In the end, I decided that absolutely no communication capabilities are needed. The device defines no endpoints. It identifies itself with the following values, which are set in accordance with V-USB recommendations:
idVendor 0x16c0 Van Ooijen Technische Informatica
idProduct 0x05dc shared ID for use with libusb
iManufacturer 1 slomkowski.eu
iProduct 2 Mains switch
V-USB has support for start-of-frame packet detection built in, but you have to enable it first. However, it works only if the interrupt pin is
connected to the D- line. INT0 is connected to the D+ line on the board, but we can also use the PCINT
interrupt, as shown in this forum thread.
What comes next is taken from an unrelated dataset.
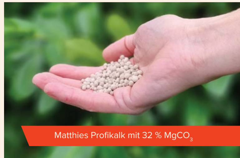
Matthies Profikalk mit 32 % MgCO_3

Unser Produkt vereint die positiven Aspekte und stellt damit eine optimale Mischung dar.

The general idea of the program is to trigger a timer interrupt every 10 ms and check whether the usbSofCount value has changed. If so, the
timeout counter is reset. After 30 seconds of inactivity, the relay is shut down. When activity resumes, the relay is turned back on. You can use any
reasonable timeout value.
Disabling the selective suspend
The relay state is determined by USB bus activity. If USB selective suspend is enabled, there are no start-of-frame packets even if the PC is fully powered on. We need to disable selective suspend.
Linux
As root, find the device path:
grep 16c0 /sys/bus/usb/devices/*/idVendor
For example, my device is connected as 3-1. Then, write on to the power setting:
echo on > /sys/bus/usb/devices/3-1/power/control
The other valid value is auto—it means that USB suspend is enabled. If you write this value to the control file, after 30
seconds the relay should go off. More details are in this Stack Overflow
answer.
To make it persistent, create a udev rules file at /etc/udev/rules.d/101-usb-power-strip.rules with the following content:
ACTION=="add", SUBSYSTEM=="usb", ATTR{idVendor}=="16c0", ATTR{idProduct}=="05dc", TEST=="power/control", ATTR{power/control}="on"
and reload the rules (as root):
udevadm control --reload-rules && udevadm trigger
Some other hobby devices (for example, the USBasp AVR programmer) use the very same Vendor/Product ID pair, but I guess they won’t be harmed if USB suspend is disabled for them too.
Windows
There’s no way to disable selective suspend for a single device; you have to disable it completely, as described here. However, even with this done, my relay got shut down after 30 seconds (tested under Windows 10 on a ThinkPad T480). Any ideas?